For today's megalopolises, subway systems are a sort of bloodstream, keeping the city alive and active with the proper movement of resources, a vital network that shuttles riders to and fro. When the subway stops working, so does the city. A broken-down subway line means that employees will be late to work and students late for school. The remainder of the transport network is overloaded and city-dwellers become more stressed, which in turn reduces their trust in the city's administration and their overall satisfaction with city infrastructure. So when talking about a city's underground transport arteries, we must pay close care to a number of factors. The biggest of these consists of disorderly conduct, misbehavior, and – as experience sadly shows – terrorism. This threat makes it incumbent on subway operators to install innovative security systems, which reduce the human factor in threat management and promote rider safety. Innovative security is a multifaceted issue that requires cooperation between multiple city agencies. Security systems must be effective and reliable, even as they ensure broad coverage for the needs of diverse customer agencies within the city government.

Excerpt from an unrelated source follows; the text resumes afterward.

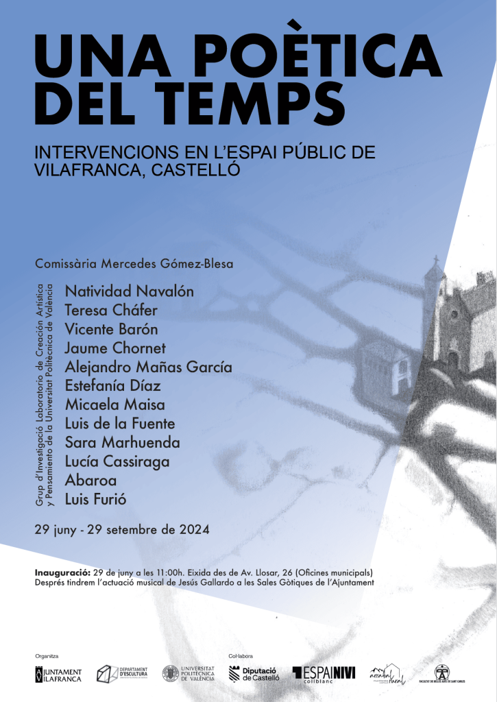 A partir del próximo 29 de junio y hasta el 30 de septiembre, la exposición “Una poètica del temps” inundará, todo el pueblo de Vilafranca (Castellón) con intervenciones en el espacio público, instalaciones, videoarte, arte interactivo, pintura, escultura, fotografía y dibujo; invitando a los/as visitantes a redescubrir su rico patrimonio cultural, a través de una nueva mirada desde el arte contemporáneo.

In early 2013, the management of the St. Petersburg subway system decided to launch a pilot project for rolling out a smart video surveillance system with facial recognition. Ladozhskaya station was chosen to host the trial installation. If successful, the system would be expanded to another 19 stations.

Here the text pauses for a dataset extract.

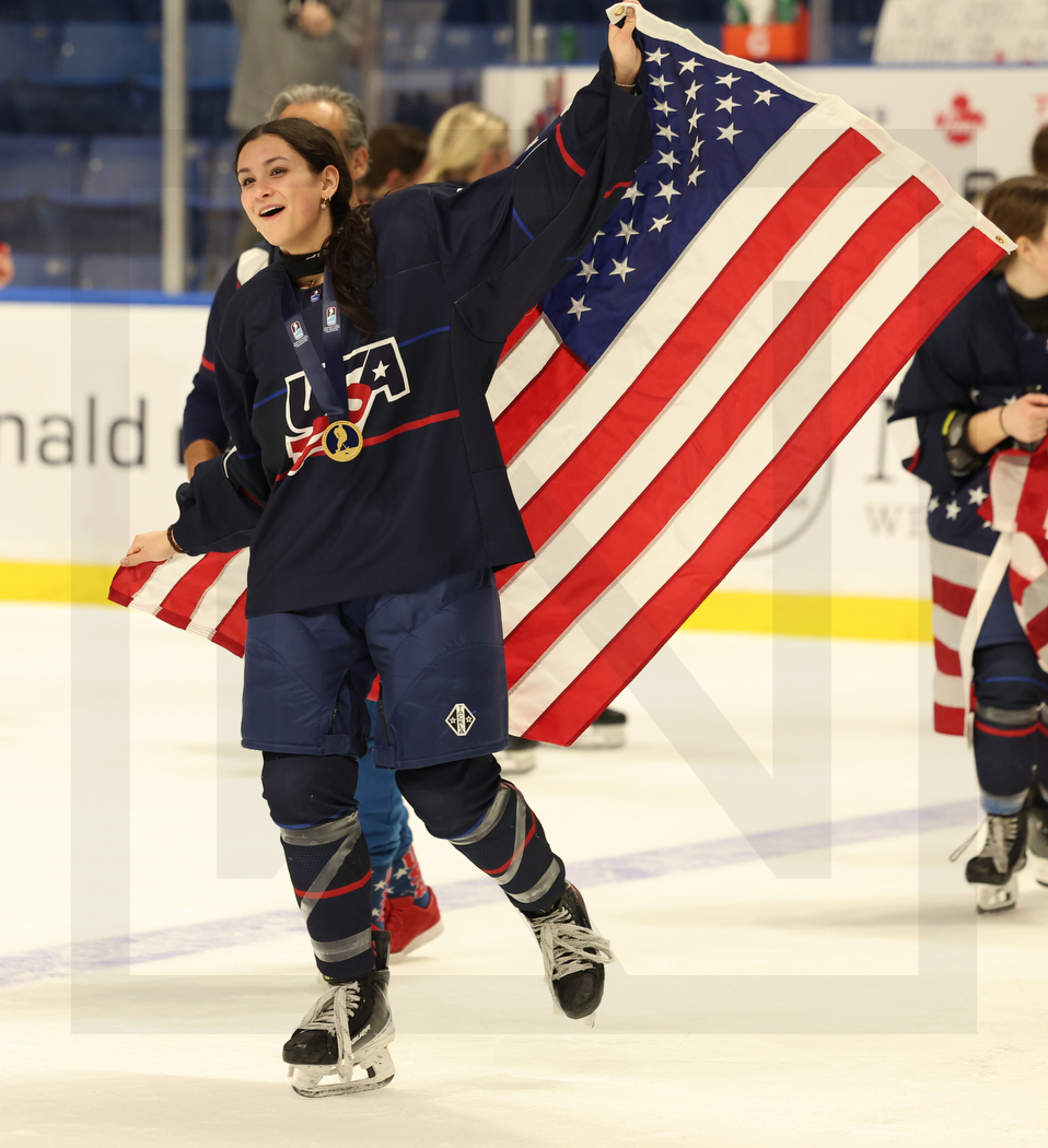WK20260118_1914 19. Januar 2026 958 × 1050 PHOTO GALLERY U18 WOMAN’S WORLDS GOLD MEDAL GAME USA-CAN 2:0 SYDNEY, CANADA, 18, Jan, 2026, U18 Woman’s Worlds, Gold Medal Game, USA vs. CAN. Image shows USA girl with the national flag. Photo: Werner Krainbucher

The Axxon Intellect PSIM was chosen as the software to tie the system together.
Axxon Intellect had already been deployed with great success in subway systems in London, Rome, Ekaterinburg, and Novosibirsk, giving AxxonSoft's product a substantial advantage in the procurement deliberations.
For the purposes of the St. Petersburg project, Axxon Intellect was to be integrated with the Concorde security system, which had been developed specially for the St. Petersburg subway. The system installer was TekhnoOkhranServis LLC.
The main goal of the project was to ensure that the photo of every person entering the station is recorded, with information about the passenger's further movements to be made available to law enforcement.
The first task was to install facial recognition, which requires that image quality be sufficient for identification and comparison with an image database. The conditions for recognition are far from optimal: low lighting, backlighting during the daytime, and enormous passenger traffic, just to name a few.
The next logical step is to compare the image with those in a database. And of course, the parameters to be compared need to tweaked to ensure accurate matching.
It is necessary to account for a number of details, in light of the complexity and importance of the task: the height and angle of the cameras (finding the tradeoff between the mounting height and angle of incidence), camera downtilt, indoor lighting, outside lighting, and vibration caused by escalator movement. By solving this problem, the developers and installers effectively cracked the whole nut, as it were.
So in the entry area at Ladozhskaya station, cameras for passenger monitoring were installed at a height of 170 centimeters (67 inches). Neither a snug scarf or hat brim will save passengers from identification. According to St. Petersburg subway executives, daily passenger flow at Ladozhskaya is approximately 65,000 people – an amount that the new video surveillance system is handling just fine.
The cameras are located out in the open, but hiding from them is not possible: images are captured, and recognition is started, by multiple cameras as soon as a passenger enters the station.
The operator workstation is located at Ladozhskaya station as well, in a special monitoring area. The surveillance system supports multiple levels of notifications, different types of operator notifications, and configurable methods for displaying information on the operator's screen. Fewer than four seconds are needed to notify the operator when the face of a criminal is recognized in the database.
There is practically no limit on the capacity of the photo database used for comparison. The current storage limit for recorded video is one month, but actual retention length is limited only by the expenses necessary for data storage. Up to one month of subway trips can be "played back" for any person whose photo is found in the database.
According to Fontanka.ru, the system currently recognizes 98% of faces, and if the recognized photo is in the database, there is a 92% chance that the face will be identified. These are fantastic results that give cause for optimism.
The next step is to install similar systems at another 19 subway stations in St. Petersburg: currently, when a fugitive is identified by the system, it is impossible to track further movements since cameras are installed at only one station. Thus the most impressive results of surveillance of the St. Petersburg subway system are yet to come, after expansion is completed – something we hope will be soon in coming!